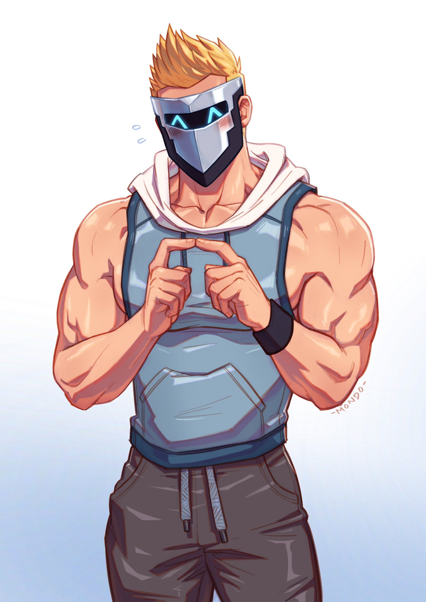 1boy ^_^ bara blonde_hair blush closed_eyes facing_viewer fidgeting highres hood hoodie index_fingers_together indie_virtual_youtuber large_pectorals male_focus mask masked_himbo_(silvyspark) mondoart muscular muscular_male nervous pants pectorals second-party_source short_hair sidepec sleeveless sleeveless_hoodie solo thighs virtual_youtuber
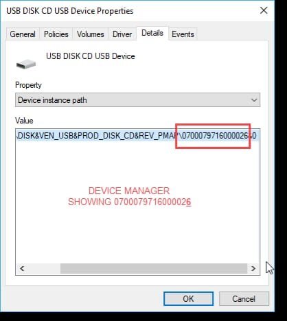 Eduardo Celiz Posted April 28, 2022 Posted April 28, 2022 Hello, I hope you can help me, I was looking for different forums and I could not find a way to obtain the serial number of a usb port, such as the image that I attached, however I did find some codes that they report a usb code to me but what when the usb is formatted it changes, I hope you can help me, the code that I want to obtain is the one that I show in the image. Quote
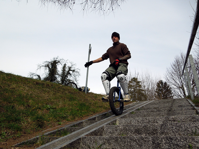 „Grundsätzlich bin ich eigentlich schon mit dem Virus Einrad aufgewachsen. Bereits mein Vater und Grossvater (der Gründer des antiken Zweirad-Museums in Oeschgen), fuhren und bauten selber Einräder. Als meine Beine endlich genügend lang waren, um auf eines der selbstgebauten 28“ Einräder zu sitzen, startete ich meine ersten Versuche.

——

-- Work task --
Leave the pictures aside and print exactly, and only, the lines from the one with "Eduardo Celiz Posted" through the end of the data, both included.

-- Answer area --
 Eduardo Celiz Posted April 28, 2022 Posted April 28, 2022 Hello, I hope you can help me, I was looking for different forums and I could not find a way to obtain the serial number of a usb port, such as the image that I attached, however I did find some codes that they report a usb code to me but what when the usb is formatted it changes, I hope you can help me, the code that I want to obtain is the one that I show in the image. Quote
 „Grundsätzlich bin ich eigentlich schon mit dem Virus Einrad aufgewachsen. Bereits mein Vater und Grossvater (der Gründer des antiken Zweirad-Museums in Oeschgen), fuhren und bauten selber Einräder. Als meine Beine endlich genügend lang waren, um auf eines der selbstgebauten 28“ Einräder zu sitzen, startete ich meine ersten Versuche.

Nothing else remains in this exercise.